Publié le par Fabien Maisonneuve

1. Le Sort des Glyphes

C'était la saison des vents. Marbeline revêtait ses couleurs chatoyantes sous un soleil orangé, pareil à l'aurore mystérieuse des grands déserts. La cité était le miel du royaume, oasis de rocailles où coulaient de longs ruisseaux cristallins, bordés de façades ciselées dans la dentelle minérale. Tout était raffinement, délicatesse et envoûtement. On sillonnait ses rues comme on se glisserait avec précaution sous la robe de soie d'une divine courtisane.

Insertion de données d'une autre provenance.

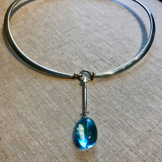 Georg Jensen Sterling Silver "Dewdrop" Pendant in Blue Topaz by Torun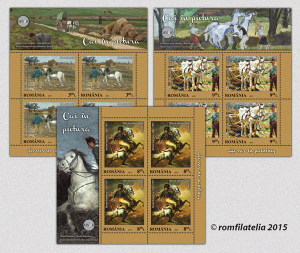 Sub titlul Cai în pictură, Romfilatelia vă invită să redescoperiţi frumuseţea picturii româneşti din patrimoniul Muzeului Naţional de Artă al României, oferind astfel o privire de ansamblu asupra relaţiei dintre om şi acest nobil animal, prezentată de mari pictori români în diferite ipostaze.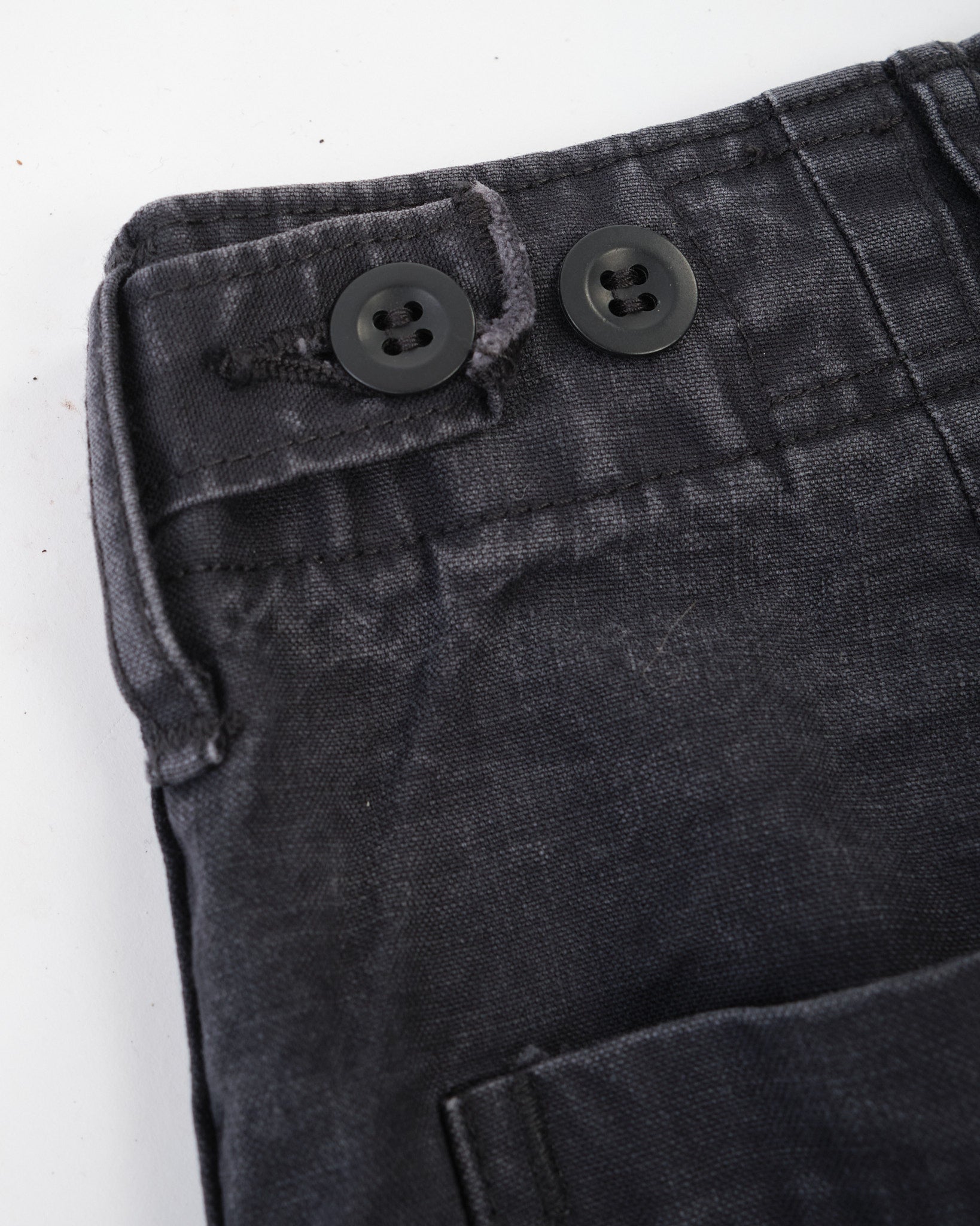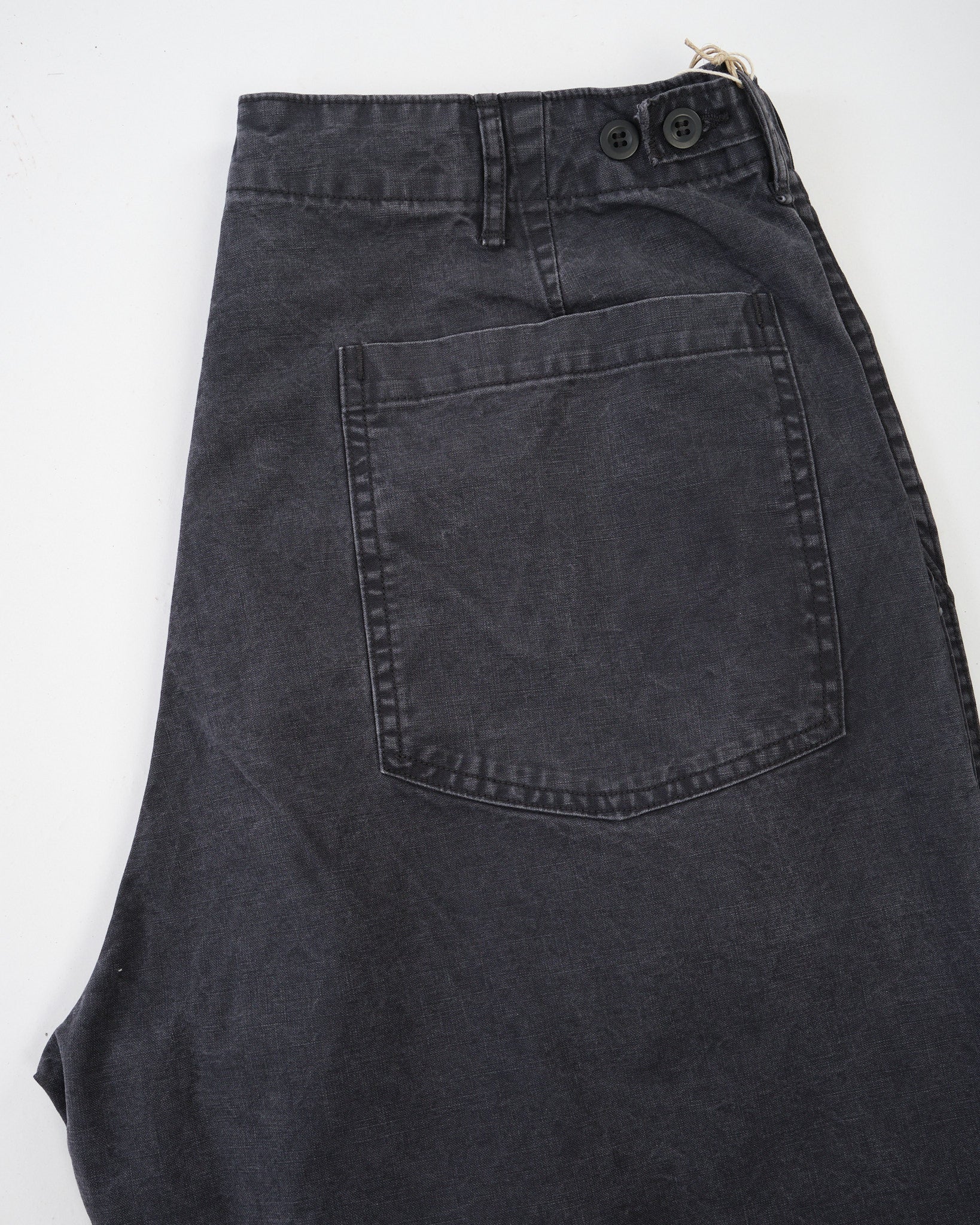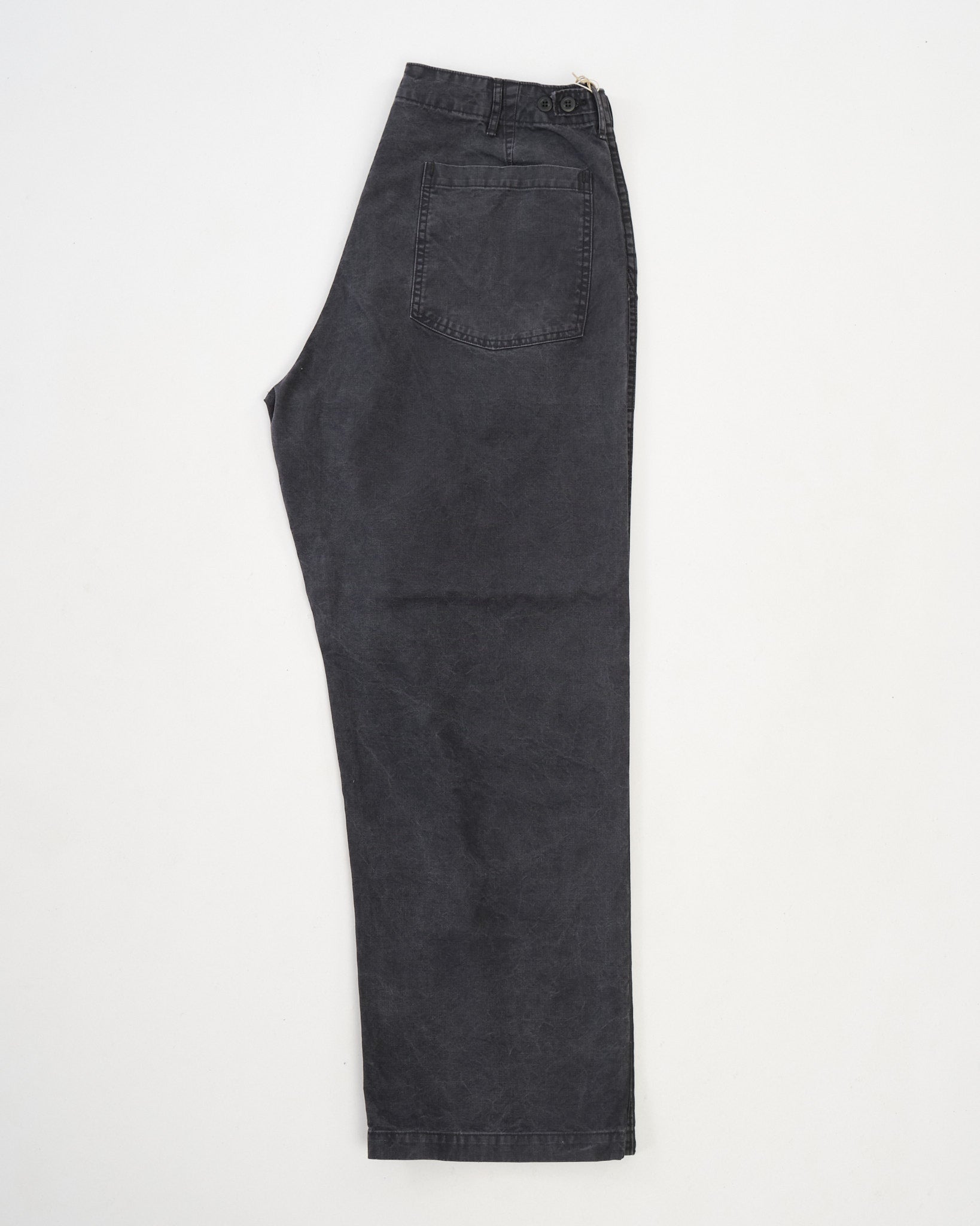 Le Pantalon de Fatigue Noir d'Été de orSlow apporte une utilité robuste dans une palette plus urbaine. Cousu au Japon à partir de sergé de coton chevron lavé, ils offrent une surface texturée riche qui évolue avec le temps et l'usure.

En en voyant les beautés, on succombe à son charme sans vraiment y prendre garde. A l'ombre de ses demeures monolithiques endormies, dans un dédale de marbre aux allées fleuries, se tenaient les Pèlerins de l’Épée, quelques mâles d'ages divers mandatés par l'infortune et la disgrâce auprès du mobed de Marbeline.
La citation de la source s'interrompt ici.